A local authority, or adoption agency, may not place a child for adoption with prospective adopters unless they either have the consent of each parent with parental responsibility to do so, or they have obtained a ‘placement order’ from the court. 

An adoption order may only be made if each parent with parental responsibility for the child has either agreed to the child being adopted or has had their agreement to adoption dispensed with.  The only grounds for dispensing with consent are either that the parent is incapable of consenting or cannot be found or that the child’s welfare requires that consent to be dispensed with. 

The child’s welfare is the court’s paramount consideration and a specially tailored adoption ‘welfare checklist’ must be applied.

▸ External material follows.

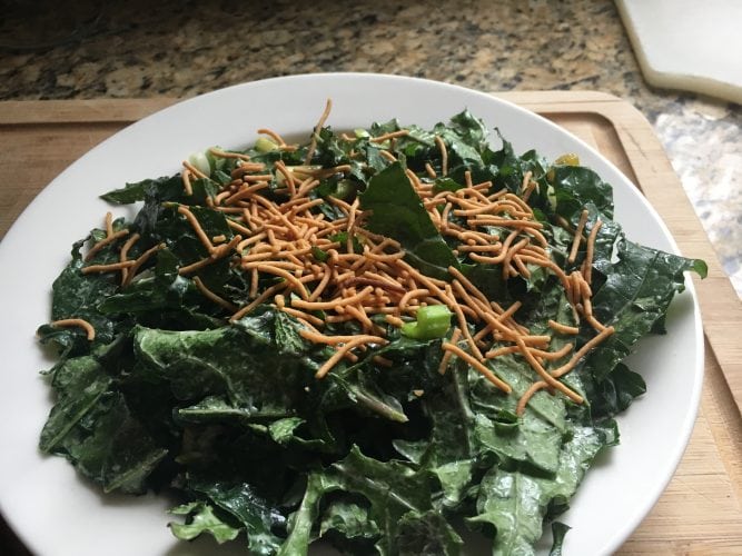 Then on the side, a had a kale slaw, made from carrots, kale, cilantro, mint, and scallions I’ve been growing. I added some raisins, mayo, and topped with some crunchy rice noodles.

The classic image of adopters is of a mixed gender couple who are selected by an adoption agency to be substitute parents to a child often one who is in care with a local authority.  Many adoptions, however, involve members of the child’s family, with the most obvious example being adoption by a step-parent in order to regularise relationships within a step-family.  The pool of potential adopters has also been widened so that children may be adopted by ‘couples’ who may be of the same or different genders.  A ‘couple’ will be a married couple, or civil partners or two people who are partners in an enduring family relationship, an adoption order may also be made in favour of a single person.